Voorzover in de bewezenverklaarde tenlastelegging taal- en/of schrijffouten voorkomen, zijn deze verbeterd. Blijkens het verhandelde op de terechtzitting is de verdachte daardoor niet geschaad in zijn verdediging.
Hetgeen aan verdachte meer of anders is tenlastegelegd dan hier als bewezen is aangenomen, is niet bewezen. De verdachte moet hiervan worden vrijgesproken.

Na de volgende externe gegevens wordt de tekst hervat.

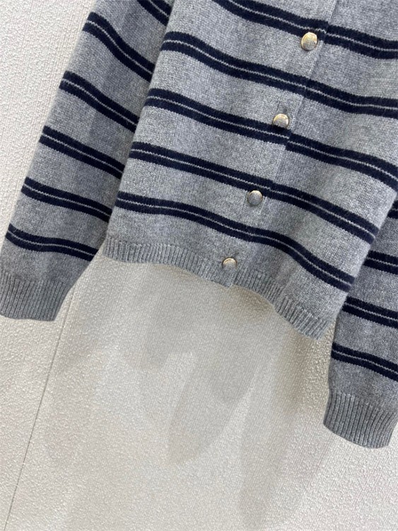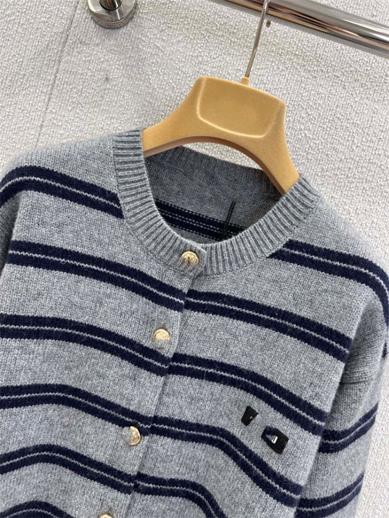 Miu Miu new loose-fitting striped long-sleeved crew neck knitted cardigan-5301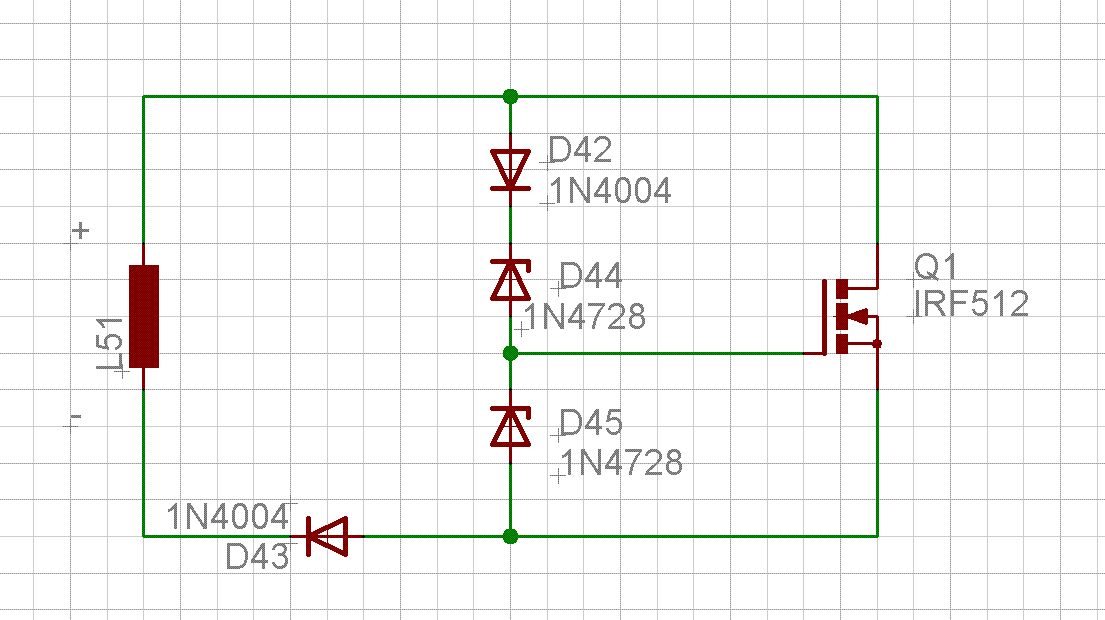 Anbei ein Schaltplan, der meine Frage näher erläutert und zeigt, wie die Spule (wirkt in diesem Fall als Generator) den LSS sieht. Nun weiß ich nicht, ob ich die externen Zener-Dioden benötige oder der LSS des Bausteins BTS7810K das active clamping übernimmt? Das einzige was ich im Datenblatt gefunden habe, ist die "drain-source break down voltage" von 55V, aber keine Angaben über die Energie, die er aufnehmen kann. Grundsätzlich ist der Baustein ja für Ansteuerungen von DC-Motoren gedacht... lg mario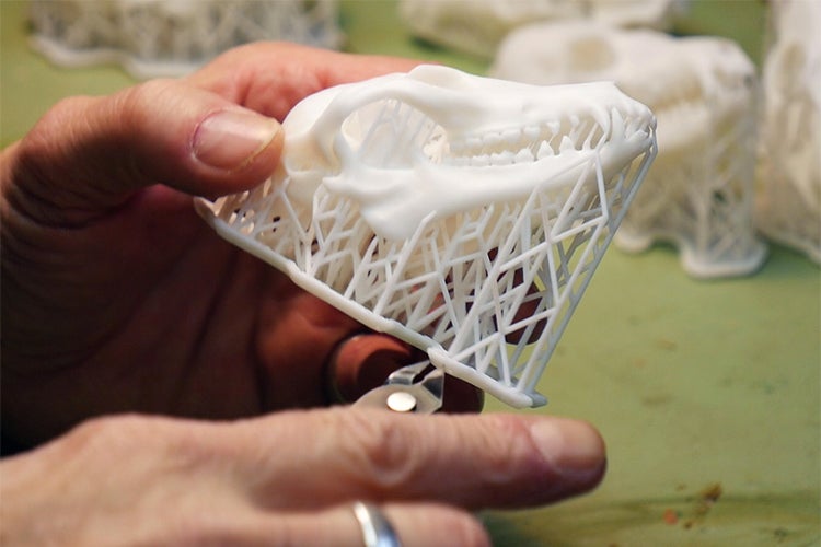 It took 20 minutes to remove each skull from the build platform and clean it (photo by Dave Mazierski)

4.3.1. Feiten 1 tot en met 4
De rechtbank komt tot bewezenverklaring van de feiten 1 tot en met 4 onder andere op grond van het volgende bewijsmiddel:
- de verklaring van verdachte ter terechtzitting, inhoudende dat hij vennoot is van [de growshop], dat zijn medevennoten [medeverdachte 2], [medeverdachte 3] en [medeverdachte 6] waren en dat [medeverdachte 5] en [medeverdachte 7] werkzaam waren bij [de growshop].
4.3.2. Feit 1
De rechtbank komt tot bewezenverklaring van feit 1 op grond van de navolgende bewijsmiddelen:
Ten aanzien van de verkoop van hennepstekken:
- de verklaring van verdachte ter terechtzitting, inhoudende de erkenning dat door hemzelf en verschillende andere betrokken bij [de growshop] werd bemiddeld tussen kopers en verkopers van hennepstekken, en dat hij een aantal malen zelf stekken heeft verkocht;
- de in een viertal processen-verbaal opgenomen verklaringen van medeverdachte [medeverdachte 5], inhoudende dat door de betrokkenen bij [de growshop] inkomsten werden gegenereerd uit de verkoop van hennepstekken (map 22, pagina’s 31-36, 42-49, 51-52, 53-66);
- de agenda uit het filiaal van [de growshop] te Uitgeest (map 2, pagina’s 301-317) en de agenda uit het filiaal van [de growshop] te Zwaag (map 28, pagina’s 158-173). Uit deze agenda’s blijkt duidelijk de georganiseerde werkwijze met betrekking tot de handel in hennepstekken.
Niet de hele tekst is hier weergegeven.